Array     Binary Search     Medium     Two Pointers    

Problem Statement:

Given a 1-indexed array of integers numbers that is already sorted in non-decreasing order, find two numbers such that they add up to a specific target number. Let these two numbers be numbers[index1] and numbers[index2] where 1 <= index1 < index2 <= numbers.length.

Return the indices of the two numbers, index1 and index2, added by one as an integer array [index1, index2] of length 2.

The tests are generated such that there is exactly one solution. You may not use the same element twice.

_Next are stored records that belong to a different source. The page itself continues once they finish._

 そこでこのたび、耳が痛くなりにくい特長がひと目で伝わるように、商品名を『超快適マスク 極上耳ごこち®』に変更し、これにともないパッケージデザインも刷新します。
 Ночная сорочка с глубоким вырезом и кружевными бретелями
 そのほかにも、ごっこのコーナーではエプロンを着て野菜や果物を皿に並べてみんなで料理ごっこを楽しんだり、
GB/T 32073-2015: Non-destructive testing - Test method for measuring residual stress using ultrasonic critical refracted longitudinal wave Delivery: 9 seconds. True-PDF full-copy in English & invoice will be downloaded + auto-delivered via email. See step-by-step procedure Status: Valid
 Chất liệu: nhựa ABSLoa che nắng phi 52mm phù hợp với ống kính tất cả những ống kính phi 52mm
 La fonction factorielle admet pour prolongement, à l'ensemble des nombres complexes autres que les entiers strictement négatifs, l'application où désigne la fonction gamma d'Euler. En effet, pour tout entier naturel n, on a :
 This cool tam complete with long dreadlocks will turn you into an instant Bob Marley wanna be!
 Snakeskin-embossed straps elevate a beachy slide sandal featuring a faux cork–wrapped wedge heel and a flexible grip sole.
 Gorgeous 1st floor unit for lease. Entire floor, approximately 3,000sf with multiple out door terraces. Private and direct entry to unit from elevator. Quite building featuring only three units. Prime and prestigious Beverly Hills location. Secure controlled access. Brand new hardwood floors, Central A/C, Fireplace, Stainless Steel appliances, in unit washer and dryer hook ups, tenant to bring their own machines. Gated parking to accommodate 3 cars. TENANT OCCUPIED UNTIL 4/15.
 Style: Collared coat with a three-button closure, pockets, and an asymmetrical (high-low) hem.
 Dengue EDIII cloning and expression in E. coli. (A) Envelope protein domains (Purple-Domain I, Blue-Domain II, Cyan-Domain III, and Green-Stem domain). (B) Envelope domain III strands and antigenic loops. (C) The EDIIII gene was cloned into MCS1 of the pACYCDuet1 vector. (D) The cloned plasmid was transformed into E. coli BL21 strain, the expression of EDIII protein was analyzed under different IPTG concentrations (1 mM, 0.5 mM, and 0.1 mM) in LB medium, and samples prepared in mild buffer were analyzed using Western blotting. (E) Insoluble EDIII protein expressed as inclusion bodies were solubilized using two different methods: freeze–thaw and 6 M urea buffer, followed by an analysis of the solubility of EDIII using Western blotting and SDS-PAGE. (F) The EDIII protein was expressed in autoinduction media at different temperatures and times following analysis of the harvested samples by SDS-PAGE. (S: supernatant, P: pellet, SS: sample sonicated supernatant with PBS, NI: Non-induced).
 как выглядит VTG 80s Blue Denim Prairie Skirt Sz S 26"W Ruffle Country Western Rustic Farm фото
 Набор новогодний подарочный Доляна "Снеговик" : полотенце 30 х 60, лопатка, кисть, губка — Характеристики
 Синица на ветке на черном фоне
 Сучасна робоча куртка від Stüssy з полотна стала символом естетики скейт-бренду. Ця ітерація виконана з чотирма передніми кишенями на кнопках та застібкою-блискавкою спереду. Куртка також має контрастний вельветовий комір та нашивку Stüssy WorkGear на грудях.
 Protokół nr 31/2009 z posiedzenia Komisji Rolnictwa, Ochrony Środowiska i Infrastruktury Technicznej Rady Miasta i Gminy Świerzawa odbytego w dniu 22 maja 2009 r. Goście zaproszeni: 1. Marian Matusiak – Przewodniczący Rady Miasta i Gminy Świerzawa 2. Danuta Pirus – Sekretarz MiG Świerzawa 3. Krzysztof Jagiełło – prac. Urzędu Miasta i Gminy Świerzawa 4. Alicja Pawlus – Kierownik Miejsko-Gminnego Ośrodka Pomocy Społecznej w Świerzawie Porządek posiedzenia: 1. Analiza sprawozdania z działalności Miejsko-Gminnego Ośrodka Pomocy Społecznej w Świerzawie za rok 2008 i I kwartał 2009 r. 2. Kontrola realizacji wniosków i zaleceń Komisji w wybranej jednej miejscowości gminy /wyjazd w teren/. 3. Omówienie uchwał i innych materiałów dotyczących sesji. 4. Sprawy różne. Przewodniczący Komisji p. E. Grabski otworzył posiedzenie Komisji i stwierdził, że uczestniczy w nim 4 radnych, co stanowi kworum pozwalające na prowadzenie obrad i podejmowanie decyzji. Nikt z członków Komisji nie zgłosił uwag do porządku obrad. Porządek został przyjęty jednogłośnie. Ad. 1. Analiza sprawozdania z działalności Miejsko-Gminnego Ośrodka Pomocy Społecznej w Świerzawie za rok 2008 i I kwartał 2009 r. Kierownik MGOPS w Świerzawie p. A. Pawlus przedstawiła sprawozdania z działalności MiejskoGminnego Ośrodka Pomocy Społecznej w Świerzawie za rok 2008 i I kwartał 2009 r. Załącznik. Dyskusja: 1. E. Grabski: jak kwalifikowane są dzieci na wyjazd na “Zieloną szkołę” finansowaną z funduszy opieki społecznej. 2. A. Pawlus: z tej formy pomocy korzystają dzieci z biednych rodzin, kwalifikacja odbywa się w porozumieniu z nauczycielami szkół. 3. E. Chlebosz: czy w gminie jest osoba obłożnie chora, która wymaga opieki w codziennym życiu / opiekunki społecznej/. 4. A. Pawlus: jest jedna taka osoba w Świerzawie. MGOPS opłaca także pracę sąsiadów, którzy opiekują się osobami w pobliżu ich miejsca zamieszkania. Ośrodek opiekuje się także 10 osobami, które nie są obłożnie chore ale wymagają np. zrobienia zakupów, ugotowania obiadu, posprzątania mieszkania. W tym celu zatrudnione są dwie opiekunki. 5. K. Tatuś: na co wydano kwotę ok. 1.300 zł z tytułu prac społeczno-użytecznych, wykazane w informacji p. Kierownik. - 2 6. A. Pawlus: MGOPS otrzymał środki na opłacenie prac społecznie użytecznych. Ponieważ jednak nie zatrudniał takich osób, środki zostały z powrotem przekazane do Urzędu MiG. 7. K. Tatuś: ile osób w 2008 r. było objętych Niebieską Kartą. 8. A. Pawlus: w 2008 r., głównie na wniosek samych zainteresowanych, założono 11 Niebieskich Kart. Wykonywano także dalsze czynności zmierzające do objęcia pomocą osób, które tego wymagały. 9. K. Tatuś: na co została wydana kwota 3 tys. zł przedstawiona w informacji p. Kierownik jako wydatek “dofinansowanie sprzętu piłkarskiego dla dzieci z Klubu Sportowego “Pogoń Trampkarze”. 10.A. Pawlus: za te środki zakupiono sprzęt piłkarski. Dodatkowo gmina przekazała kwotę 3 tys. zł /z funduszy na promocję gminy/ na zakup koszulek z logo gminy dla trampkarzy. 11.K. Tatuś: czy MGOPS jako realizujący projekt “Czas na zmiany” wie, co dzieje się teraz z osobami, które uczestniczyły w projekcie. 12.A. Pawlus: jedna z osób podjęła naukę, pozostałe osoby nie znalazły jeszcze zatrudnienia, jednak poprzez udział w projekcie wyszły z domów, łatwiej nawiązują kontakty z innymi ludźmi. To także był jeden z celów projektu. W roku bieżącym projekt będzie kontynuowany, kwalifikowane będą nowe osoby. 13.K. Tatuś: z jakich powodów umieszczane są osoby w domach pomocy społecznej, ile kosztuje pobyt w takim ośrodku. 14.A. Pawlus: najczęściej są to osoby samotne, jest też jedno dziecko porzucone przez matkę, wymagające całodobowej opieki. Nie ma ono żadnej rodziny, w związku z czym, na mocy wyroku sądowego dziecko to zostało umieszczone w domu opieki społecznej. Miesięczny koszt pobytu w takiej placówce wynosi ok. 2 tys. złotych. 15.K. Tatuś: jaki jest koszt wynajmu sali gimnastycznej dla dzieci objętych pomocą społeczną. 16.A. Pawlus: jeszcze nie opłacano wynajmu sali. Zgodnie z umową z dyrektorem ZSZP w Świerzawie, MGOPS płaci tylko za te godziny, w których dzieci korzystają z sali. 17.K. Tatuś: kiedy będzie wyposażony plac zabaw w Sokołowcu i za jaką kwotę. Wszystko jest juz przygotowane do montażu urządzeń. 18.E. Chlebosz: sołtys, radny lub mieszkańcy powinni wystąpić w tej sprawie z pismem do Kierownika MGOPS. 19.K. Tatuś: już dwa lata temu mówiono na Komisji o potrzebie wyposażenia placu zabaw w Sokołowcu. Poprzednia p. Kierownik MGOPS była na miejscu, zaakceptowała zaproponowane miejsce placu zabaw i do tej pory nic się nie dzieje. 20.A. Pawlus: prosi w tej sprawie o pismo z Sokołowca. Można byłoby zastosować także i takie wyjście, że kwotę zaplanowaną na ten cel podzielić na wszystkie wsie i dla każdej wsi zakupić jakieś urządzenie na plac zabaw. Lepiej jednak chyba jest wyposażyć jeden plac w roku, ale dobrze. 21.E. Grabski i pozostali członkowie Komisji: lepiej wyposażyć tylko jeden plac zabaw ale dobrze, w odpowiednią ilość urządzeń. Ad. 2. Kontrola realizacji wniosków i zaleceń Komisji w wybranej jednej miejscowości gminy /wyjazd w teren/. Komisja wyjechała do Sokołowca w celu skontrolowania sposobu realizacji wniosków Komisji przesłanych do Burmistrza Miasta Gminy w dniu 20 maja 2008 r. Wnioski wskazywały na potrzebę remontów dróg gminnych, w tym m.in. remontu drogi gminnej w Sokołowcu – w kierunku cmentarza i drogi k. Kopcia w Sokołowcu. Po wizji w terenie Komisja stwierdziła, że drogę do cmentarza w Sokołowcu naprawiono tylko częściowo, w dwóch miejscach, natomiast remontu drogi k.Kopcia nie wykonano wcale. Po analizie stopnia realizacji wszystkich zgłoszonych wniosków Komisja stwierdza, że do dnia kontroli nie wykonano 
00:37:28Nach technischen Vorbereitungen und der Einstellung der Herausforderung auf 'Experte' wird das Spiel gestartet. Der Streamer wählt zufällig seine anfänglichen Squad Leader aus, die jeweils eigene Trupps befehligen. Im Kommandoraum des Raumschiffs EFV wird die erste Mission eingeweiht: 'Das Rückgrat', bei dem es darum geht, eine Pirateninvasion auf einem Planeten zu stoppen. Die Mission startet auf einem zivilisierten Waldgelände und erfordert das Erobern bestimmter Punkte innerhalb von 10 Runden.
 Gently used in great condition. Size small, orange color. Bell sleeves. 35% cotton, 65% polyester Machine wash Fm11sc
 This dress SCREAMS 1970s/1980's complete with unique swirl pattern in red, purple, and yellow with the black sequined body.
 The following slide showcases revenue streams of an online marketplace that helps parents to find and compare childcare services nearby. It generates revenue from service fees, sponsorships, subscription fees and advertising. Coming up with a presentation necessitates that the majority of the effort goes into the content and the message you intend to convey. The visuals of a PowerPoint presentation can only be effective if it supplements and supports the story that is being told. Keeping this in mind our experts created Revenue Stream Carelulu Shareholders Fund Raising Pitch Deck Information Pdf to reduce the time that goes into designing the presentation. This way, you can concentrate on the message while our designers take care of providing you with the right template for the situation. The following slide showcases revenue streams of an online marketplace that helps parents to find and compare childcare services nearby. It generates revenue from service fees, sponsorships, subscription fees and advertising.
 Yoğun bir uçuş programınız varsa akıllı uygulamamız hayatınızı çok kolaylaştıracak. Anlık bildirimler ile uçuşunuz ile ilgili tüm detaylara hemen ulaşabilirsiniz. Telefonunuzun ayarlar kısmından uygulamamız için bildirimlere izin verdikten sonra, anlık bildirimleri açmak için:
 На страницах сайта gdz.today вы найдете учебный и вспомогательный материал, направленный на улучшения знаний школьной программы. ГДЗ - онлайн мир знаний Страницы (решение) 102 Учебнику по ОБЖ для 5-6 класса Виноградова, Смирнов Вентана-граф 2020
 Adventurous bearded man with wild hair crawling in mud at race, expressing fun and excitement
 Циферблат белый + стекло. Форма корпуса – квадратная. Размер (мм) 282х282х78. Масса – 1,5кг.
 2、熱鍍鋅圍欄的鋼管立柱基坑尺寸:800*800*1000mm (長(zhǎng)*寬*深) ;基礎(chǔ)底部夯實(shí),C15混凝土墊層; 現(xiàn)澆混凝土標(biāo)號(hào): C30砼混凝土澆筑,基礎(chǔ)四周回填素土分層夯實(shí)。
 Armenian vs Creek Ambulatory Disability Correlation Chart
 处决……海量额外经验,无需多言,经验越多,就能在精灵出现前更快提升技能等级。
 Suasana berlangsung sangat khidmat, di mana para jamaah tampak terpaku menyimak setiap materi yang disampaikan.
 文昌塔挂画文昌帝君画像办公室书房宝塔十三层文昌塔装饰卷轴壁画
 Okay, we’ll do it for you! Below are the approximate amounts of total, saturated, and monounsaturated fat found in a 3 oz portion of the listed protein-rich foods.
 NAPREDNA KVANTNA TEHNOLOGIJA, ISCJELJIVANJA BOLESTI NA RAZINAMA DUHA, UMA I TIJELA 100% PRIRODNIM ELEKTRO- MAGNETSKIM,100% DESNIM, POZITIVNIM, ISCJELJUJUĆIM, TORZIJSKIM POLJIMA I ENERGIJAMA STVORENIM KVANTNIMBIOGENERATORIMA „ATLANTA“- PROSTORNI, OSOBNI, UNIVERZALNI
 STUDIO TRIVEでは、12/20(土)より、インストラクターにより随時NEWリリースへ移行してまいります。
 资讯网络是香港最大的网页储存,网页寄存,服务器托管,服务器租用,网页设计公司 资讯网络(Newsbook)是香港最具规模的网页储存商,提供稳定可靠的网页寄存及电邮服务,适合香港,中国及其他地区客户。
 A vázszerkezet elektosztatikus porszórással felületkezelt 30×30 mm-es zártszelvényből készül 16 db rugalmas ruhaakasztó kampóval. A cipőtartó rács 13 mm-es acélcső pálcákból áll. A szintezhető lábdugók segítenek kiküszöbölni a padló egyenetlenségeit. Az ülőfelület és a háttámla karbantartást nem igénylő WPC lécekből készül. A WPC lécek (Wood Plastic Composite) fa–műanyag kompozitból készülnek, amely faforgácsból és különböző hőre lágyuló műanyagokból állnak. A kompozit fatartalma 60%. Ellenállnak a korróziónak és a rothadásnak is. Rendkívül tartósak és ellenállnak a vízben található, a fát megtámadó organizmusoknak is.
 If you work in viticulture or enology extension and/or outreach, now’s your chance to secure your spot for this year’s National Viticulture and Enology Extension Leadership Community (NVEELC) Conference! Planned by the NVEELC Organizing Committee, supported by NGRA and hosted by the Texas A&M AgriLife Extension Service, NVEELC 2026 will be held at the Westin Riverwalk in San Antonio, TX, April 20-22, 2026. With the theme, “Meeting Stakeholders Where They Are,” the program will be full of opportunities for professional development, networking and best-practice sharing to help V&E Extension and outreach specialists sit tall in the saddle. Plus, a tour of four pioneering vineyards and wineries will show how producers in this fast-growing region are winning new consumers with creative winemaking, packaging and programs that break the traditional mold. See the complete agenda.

Your solution must use only constant extra space.

 

Example 1:

Input: numbers = [2,7,11,15], target = 9
Output: [1,2]
Explanation: The sum of 2 and 7 is 9. Therefore, index1 = 1, index2 = 2. We return [1, 2].

Example 2:

Input: numbers = [2,3,4], target = 6
Output: [1,3]
Explanation: The sum of 2 and 4 is 6. Therefore index1 = 1, index2 = 3. We return [1, 3].

Example 3:

Input: numbers = [-1,0], target = -1
Output: [1,2]
Explanation: The sum of -1 and 0 is -1. Therefore index1 = 1, index2 = 2. We return [1, 2].

 

Constraints:

  • 2 <= numbers.length <= 3 * 104
  • -1000 <= numbers[i] <= 1000
  • numbers is sorted in non-decreasing order.
  • -1000 <= target <= 1000
  • The tests are generated such that there is exactly one solution.

Solution:

HashSet:

vector<int> twoSum(vector<int>& numbers, int target) 
{
	unordered_map<int,int> comps;
	for (int i=0; i<numbers.size(); i++)
	{
		if (comps.count(numbers[i])) return {comps[numbers[i]]+1,i+1};
		comps[target-numbers[i]] = i;
	}
	return {};
}

Linear search using two pointers:

vector<int> twoSum(vector<int>& numbers, int target) 
    {
        int lo=0, hi=numbers.size()-1;
        while (lo<hi)
        {
            int curr = numbers[lo]+numbers[hi];
            if (curr==target) return {lo+1,hi+1};
            else if (curr<target) lo++;
            else hi--;
        }
        return {};
    }

Linear traversal + Binary search

vector<int> twoSum(vector<int>& numbers, int target) 
    {
        for (int i=0; i<numbers.size(); i++)
        {
            if (i>0 && numbers[i]==numbers[i-1]) continue;
            int tmp = target-numbers[i], lo=i+1, hi=numbers.size()-1;
            while (lo<=hi)
            {
                int mid = lo + (hi-lo)/2;
                if (numbers[mid]==tmp) return {i+1,mid+1};
                else if (numbers[mid]<tmp) lo=mid+1;
                else hi=mid-1;
            }
        }
        return {};
    }